Gonzales, in addition to being very active in the Latino wine-making community, is on the board of the non-profit AHIVOY, (Asociación Hispana de la Industria del Vino en Oregon y Comunidad). AHIVOY provides education to vineyard workers (called “vineyard stewards”) in order to help them overcome socioeconomic barriers and access other careers within the wine industry, such as sales, working in tasting rooms, marketing, and even becoming winemakers themselves. Through partnerships with local community colleges, AHIVOY has helped vineyard stewards, who might have started out as migrant workers, gain an immersive English-language experience as well as knowledge and resources to start fulfilling careers. However, Gonzales said the pandemic has put a halt to all of that. When the community college closed their campus and moved classes online in the spring, AHIVOY had to temporarily cancel its program.
“Vineyard stewards don’t have access to the internet all the time,” said Gonzales, “So that would make if very difficult to run classes.” In-person resources are a necessary part of catering to lower-income students. Gonzales said she hoped the program would be revamped in 2021, with smaller class sizes. This is another example of how lack of internet access has harmed the Latino community’s ability to access resources that might help them navigate the pandemic, and even life after it.
Sandoval said this information blackout has meant that getting the help her organization offers to Latino workers has been difficult. The Oregon Latino Health Coalition aims to help the Hispanic community in Multnomah County, especially those in the agricultural industries surrounding Portland, access otherwise hard-to-reach resources. They provide Spanish-language help with filling out applications for aid and healthcare. But Sandoval said that even in 2020, when much of life seems to have moved online, the group relies most heavily on word of mouth to get information to their clients. For a recent drive-through COVID testing event, Sandoval said, “Most of the patients that signed up for it, it was through word of mouth. When we would try to do it on social media, it wasn’t effective.”

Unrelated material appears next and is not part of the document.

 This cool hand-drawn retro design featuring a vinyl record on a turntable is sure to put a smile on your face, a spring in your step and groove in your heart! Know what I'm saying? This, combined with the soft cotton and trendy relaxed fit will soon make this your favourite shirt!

Without adequate resources and information available to the Latino community, Sandoval also said that migrant workers fear giving the necessary personal information for contact tracing to county and state officials. They are afraid it might be given to ICE and lead to deportation.
“We saw a lot of clients hesitant to accept any sort of financial aid or resources, because they felt like it could affect their immigration status,” she said. Even though the county does not report any of the information it collects to ICE, Sandoval said people are hesitant to trust officials, and don’t want to disclose information such as the other members of their household. This has led to hesitance in the community to get tested, as a positive test is associated with having to disclose this vital information to the authorities.

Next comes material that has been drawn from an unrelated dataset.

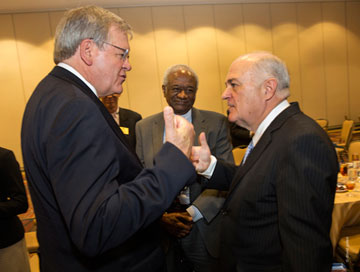 Ed Hatrick, superintendent, Loudoun County Public Schools, left, speaks with Steven Knapp, GW president, right, at the Chamber's Leadership Luncheon April 18. Jim W. Dyke, Jr., senior advisor, state govt. relations, McGuire Woods Consulting, in the background. Photo Credit: © 2013 David Galen.
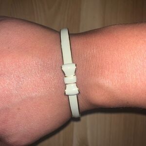 Kate Spade Mini Bow Bangle. The color is a cream color with gold base and gold inside. The inside of the bracelet reads “Kate Spade New York”. It is a bangle so there is no opening or close the bracelet, it slips on over your hand. This does mean once it’s on there is some space between your wrist and the bracelet, it’s a loose fit.

Both Sandoval and Gonzales said the situation has led to extreme overwhelm among those trying to help. “Everyone is like a deer in the headlights right now,” said Gonzales. “We’ve been in the pandemic for a little while, but still, it’s so much to take in and process. And, you know, to try to survive.”
“We’re all feeling like there just need to be more resources available,” said Sandoval. “Because until people can feel like they can stay home, and take care of themselves, protect themselves, without losing their jobs or their homes, the numbers are still going to continue to increase.”